• **INSTRUCTIONS TO FOLLOW**: Only the lines below from the one that holds "Органайзер за подправки" through the one that holds "Categorias de trajeto: Negócios, Pessoal, etc." should appear in the answer, copied exactly, end lines included and pictures omitted.

• **DATA FOR ANALYSIS**:
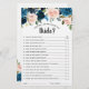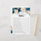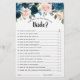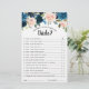 Cartão de jogo azul-marinho escuro de chá de panela floral "Como você conhece bem a noiva?" com buquê elegante de marinho azul, azul real, branco, rosa esbranquiçado e folhas verdes de eucalipto sábio. Entre em contato comigo para obter ajuda sobre a personalização ou se você precisar de outro produto com este design.
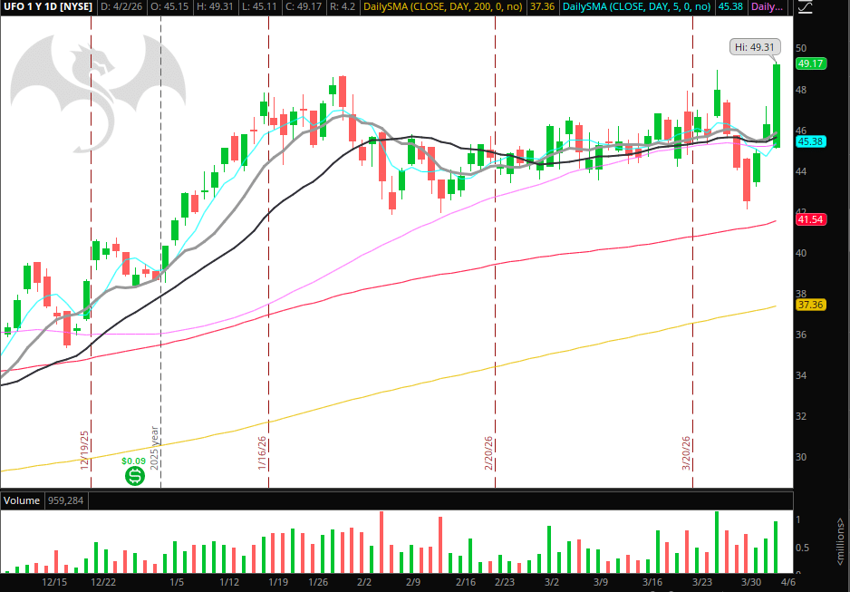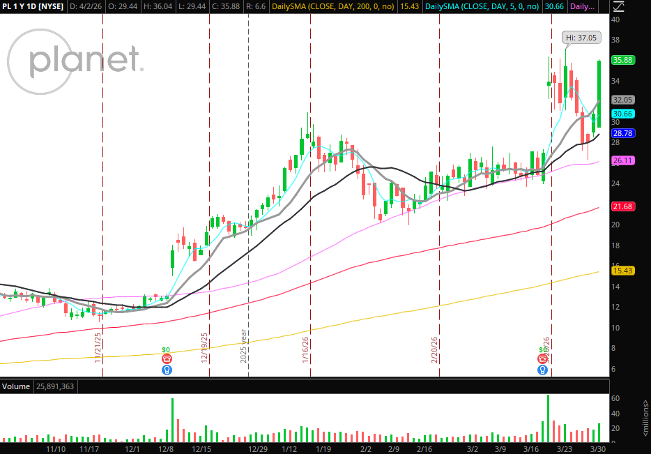 PL is the standout leader in the sector. I wouldn’t enter at these prices for a swing because its price has already extended from its 100- and 200-day SMA. Therefore, if it were to pull back and hold near $34, I might look for a continuation long on the dip, but I wouldn’t look for anything beyond 2-3 days of continuation. Whereas, with UFO and RKLB, I’d be looking to maintain a core for much longer.
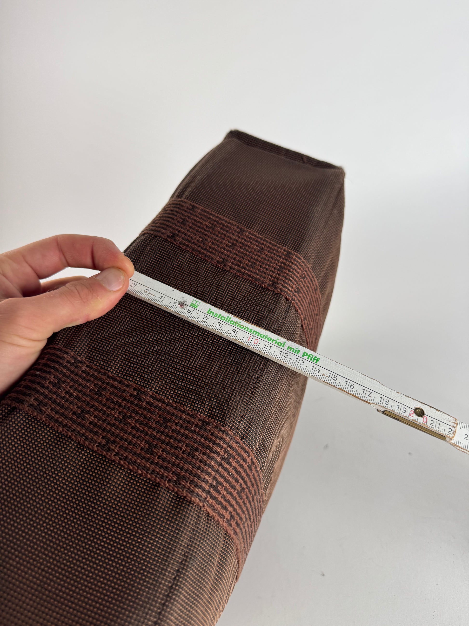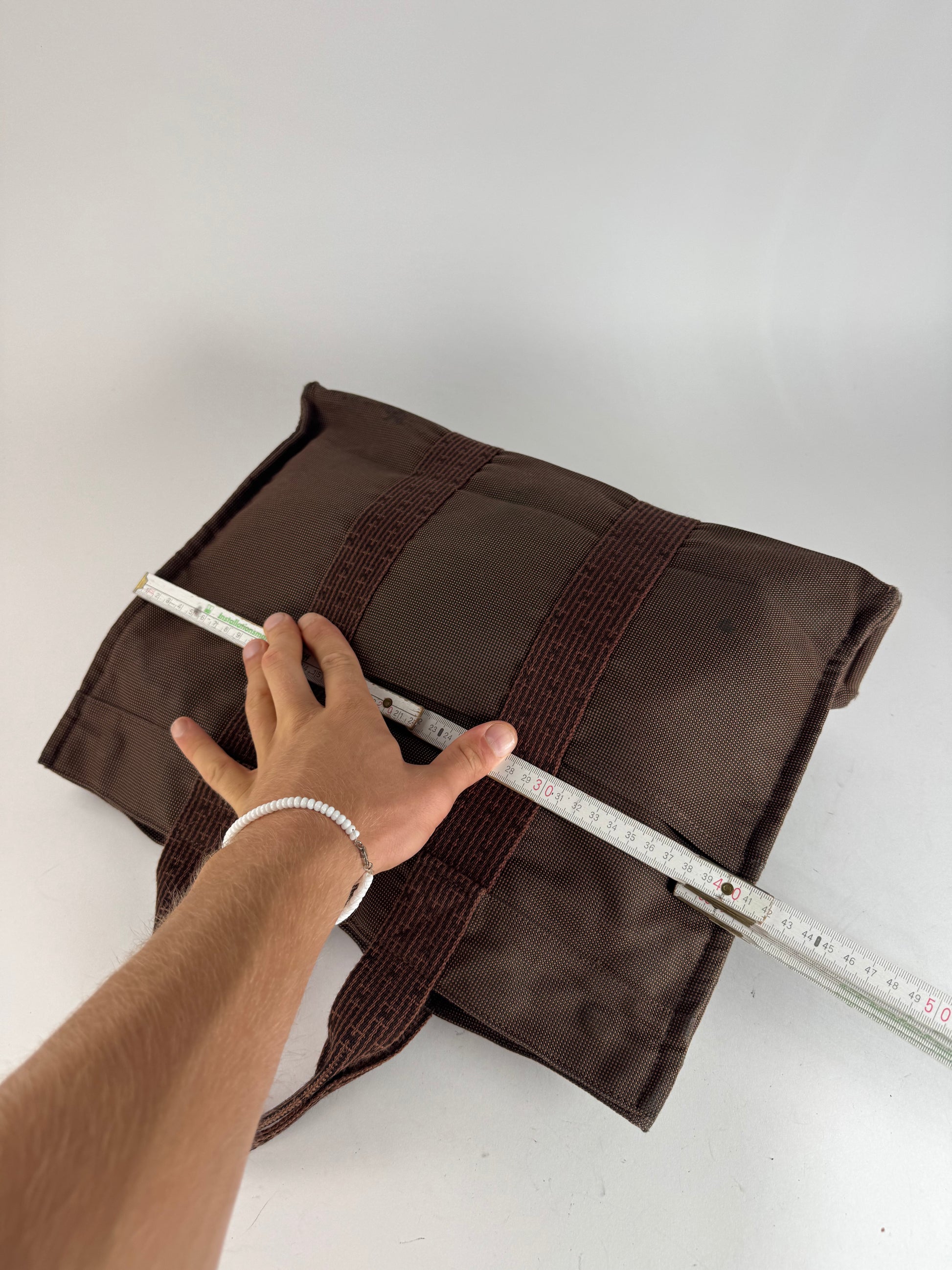 Ce sac à main vintage sophistiqué est finement confectionné en tissu marron à motifs, composé à 69 % de polyamide et à 31 % de polyester. Il est doté d'anses marron assorties, ornées de motifs Hermès H gris. Le dessus est fermé par une fermeture éclair et trois boutons-pression.
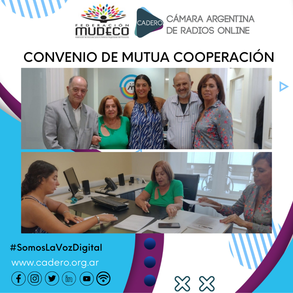 En el día de la fecha autoridades de CADERO firmaron un convenio de trabajo con la MUDECO para la promoción de la Defensa de los Consumidores y Usuarios de todo el país. El objetivo de MUDECO es favorecer la puesta en redes de las organizaciones mutuales, entre los consumidores y usuarios de cada localidad, ciudad, o provincia e incluir a los pequeños productores locales y en ese sentido la Red Federal de Contenidos Radiofónicos distribuirá contenidos regionales entre la red de radios y productores audiovisuales asociados.
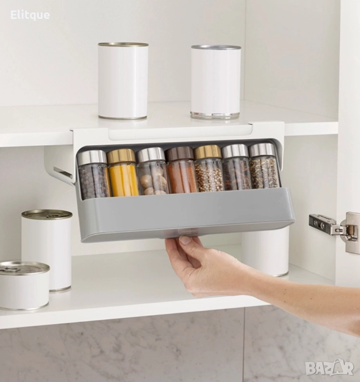 Органайзер за подправки за рафт / Органайзер / 7бр бурканчета; Органайзерът е със семпъл дизайн, който ще подхожда на всеки кухненски интериор. Той е лек и компактен. Можете да го преместите винаги, когато пожелаете, например за да го почистите.
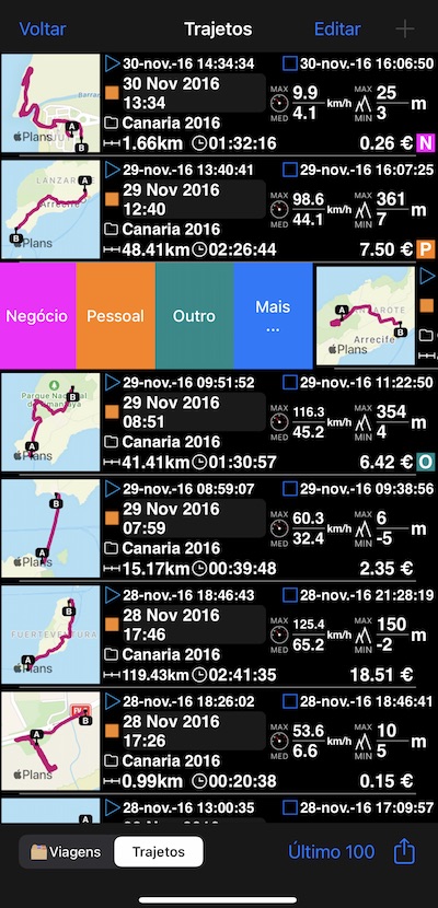 Categorias de trajeto: Negócios, Pessoal, etc.
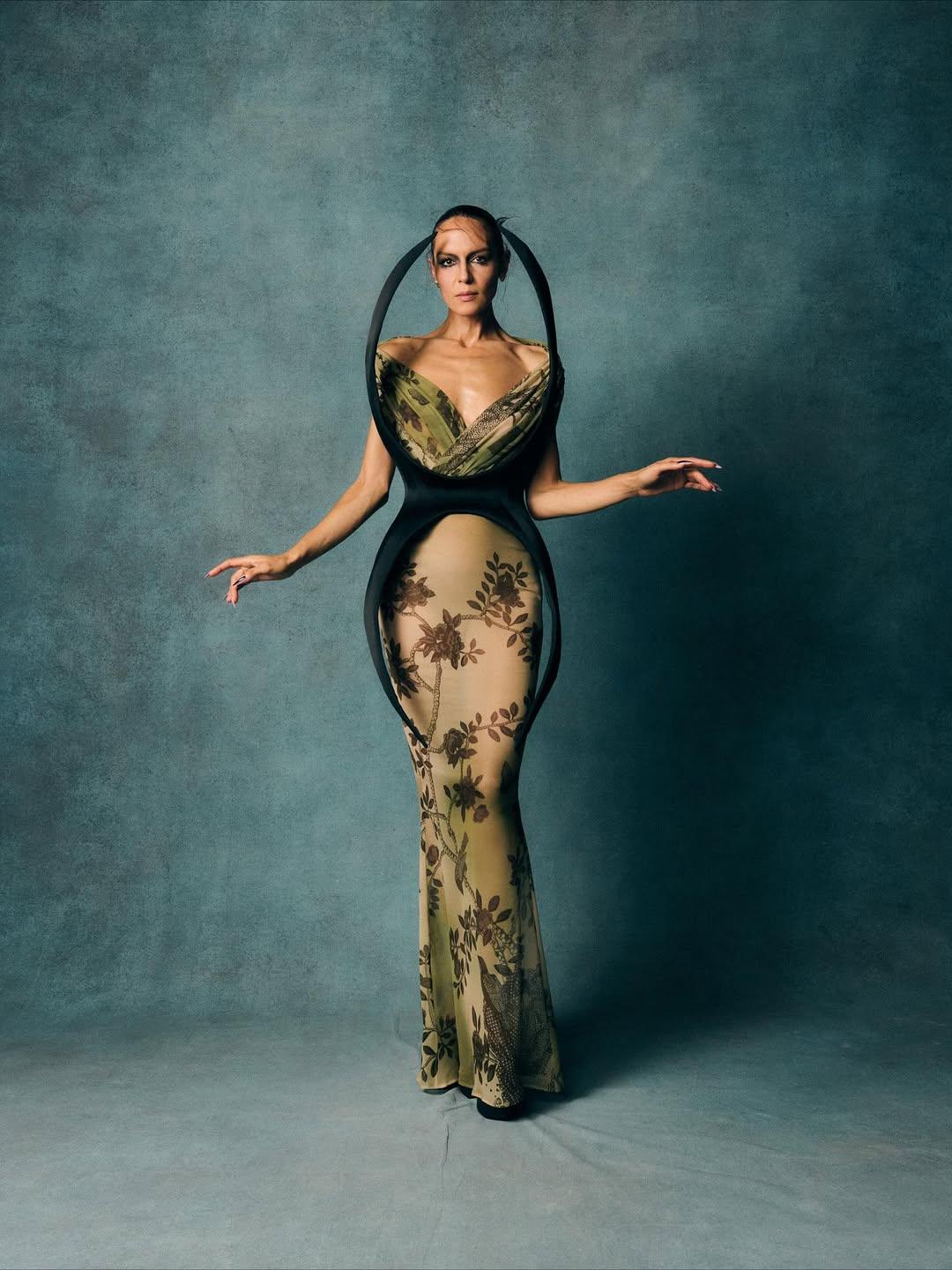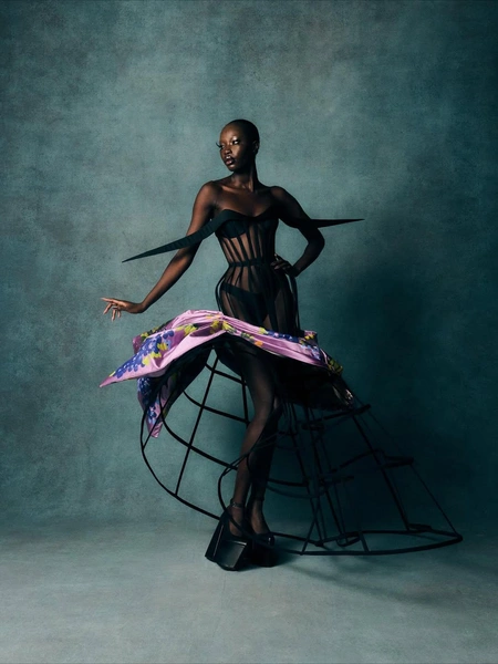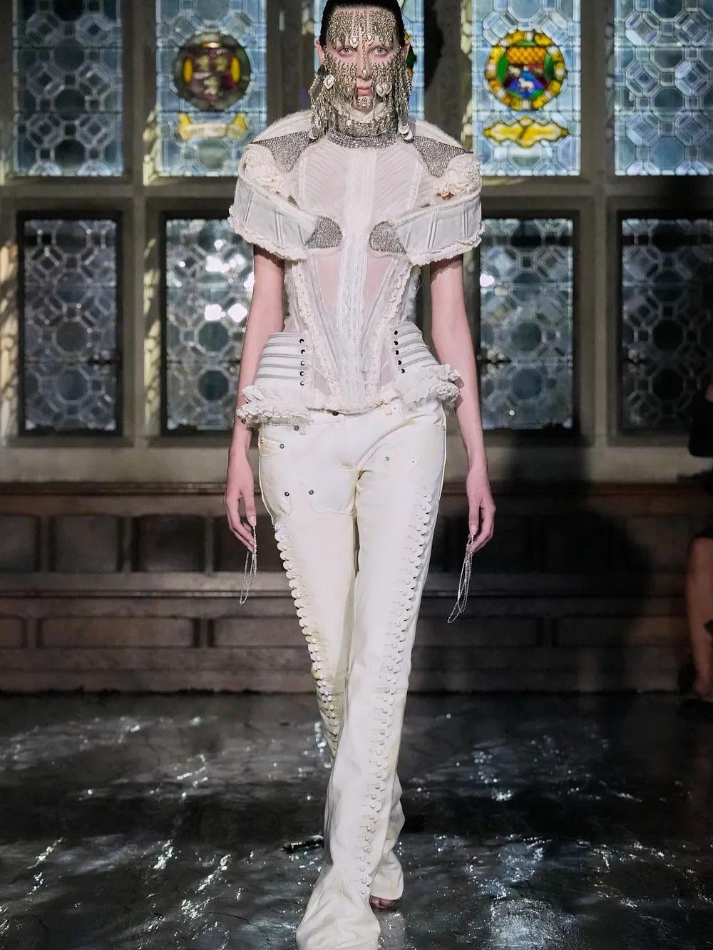 Отдельного внимания заслуживает бурга — металлическое украшение для лица, популярное в странах Персидского Залива. Это отсылка к корням самой Дилары — она из Лондона, но имеет турецкое происхождение (читайте также: Главная преемница Маккуина: как Дилара Финдикоглу завоевала мир моды).

• **EXERCISE RESULT**:
 Органайзер за подправки за рафт / Органайзер / 7бр бурканчета; Органайзерът е със семпъл дизайн, който ще подхожда на всеки кухненски интериор. Той е лек и компактен. Можете да го преместите винаги, когато пожелаете, например за да го почистите.
 Categorias de trajeto: Negócios, Pessoal, etc.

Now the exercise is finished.